# Data Quality Check — Sales Table

This notebook executes the Data Quality framework for the `sales` table as part of the Lakehouse Expansion engineering pillar. It loads the table, applies expectations defined in `sales_expectations.json`, evaluates the results using the shared `dq_runner.py` module, and produces a structured report suitable for downstream monitoring, alerting, or pipeline enforcement.

The workflow is intentionally consolidated into a single execution block to keep the notebook clean, readable, and aligned with production engineering practices. All operational steps—loading data, importing the runner, executing checks, formatting results, saving outputs, and enforcing failure rules—are performed within one Python cell for deterministic execution and minimal cognitive overhead.

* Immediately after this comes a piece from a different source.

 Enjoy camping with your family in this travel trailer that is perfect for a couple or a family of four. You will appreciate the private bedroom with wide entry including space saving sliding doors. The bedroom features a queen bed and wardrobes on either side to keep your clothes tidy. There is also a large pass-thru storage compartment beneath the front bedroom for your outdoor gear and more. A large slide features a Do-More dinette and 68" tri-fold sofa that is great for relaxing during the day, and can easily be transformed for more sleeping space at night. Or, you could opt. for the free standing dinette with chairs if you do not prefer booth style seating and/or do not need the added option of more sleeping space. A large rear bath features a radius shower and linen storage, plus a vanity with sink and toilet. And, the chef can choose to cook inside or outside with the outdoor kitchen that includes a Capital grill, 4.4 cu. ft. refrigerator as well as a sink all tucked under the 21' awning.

This notebook is designed to be pipeline‑ready, environment‑agnostic, and easily extended to additional tables as the Lakehouse Expansion continues.

In [None]:
# Step 1 — Load sales table
df = spark.read.table("lakehouse.sales").toPandas()

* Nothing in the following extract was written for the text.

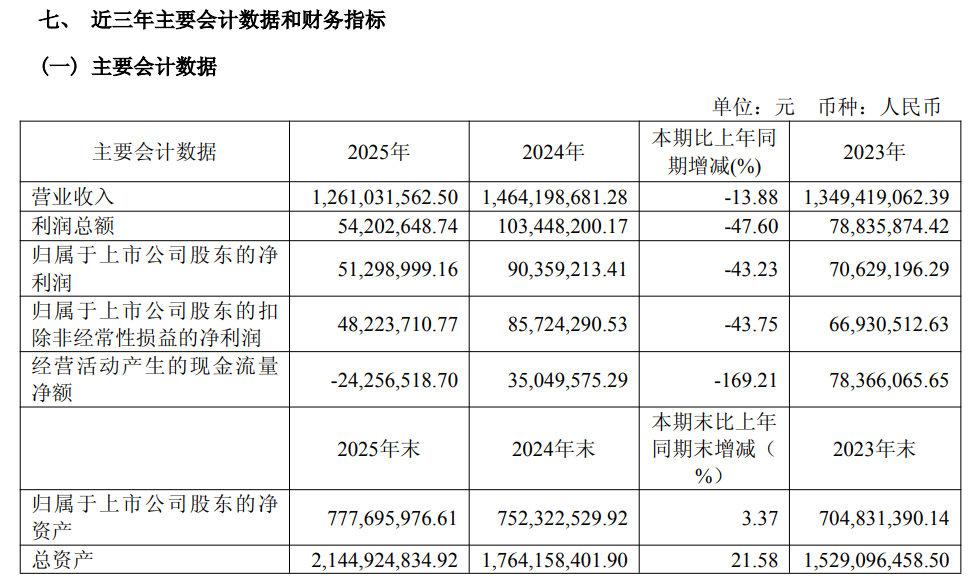 宝光股份2025年年报显示,2025年面对复杂多变的外部环境、日趋激烈的市场竞争,以及主要原材料铜、银价格大幅上涨带来的成本压力,公司迎难而上,紧紧围绕年度经营目标展开攻坚。从总体经营情况上看,报告期内公司实现合并营业收入12.61亿元,同比下降13.88%;利润总额5,420.26万元,同比下降47.60%;归属于上市公司股东的净利润5,129.90万元,同比下降43.23%。巨潮资讯数据显示,这一数据创下了公司4年来年度净利的新低。

# Step 2 — Add module path and import runner
import sys
sys.path.append("/lakehouse/default/Files/15-lakehouse-expansion/features/data-quality")
from dq_runner import run_dq

# Step 3 — Define expectations path
expectations_path = "/lakehouse/default/Files/15-lakehouse-expansion/features/data-quality/expectations/sales_expectations.json"

# Step 4 — Run data quality checks
results = run_dq(
    table_df=df,
    expectations_path=expectations_path
)

# Step 5 — Convert results to DataFrame
import pandas as pd
results_df = pd.DataFrame(results)

# Step 6 — Display results
results_df

# Step 7 — Optional: Save report
results_df.to_csv(
    "/lakehouse/default/Files/15-lakehouse-expansion/features/data-quality/dq_report_sales.csv",
    index=False
)

# Step 8 — Optional: Fail notebook if checks failed
failed = [r for r in results if not r["passed"]]
if failed:
    raise Exception("One or more Data Quality checks failed.")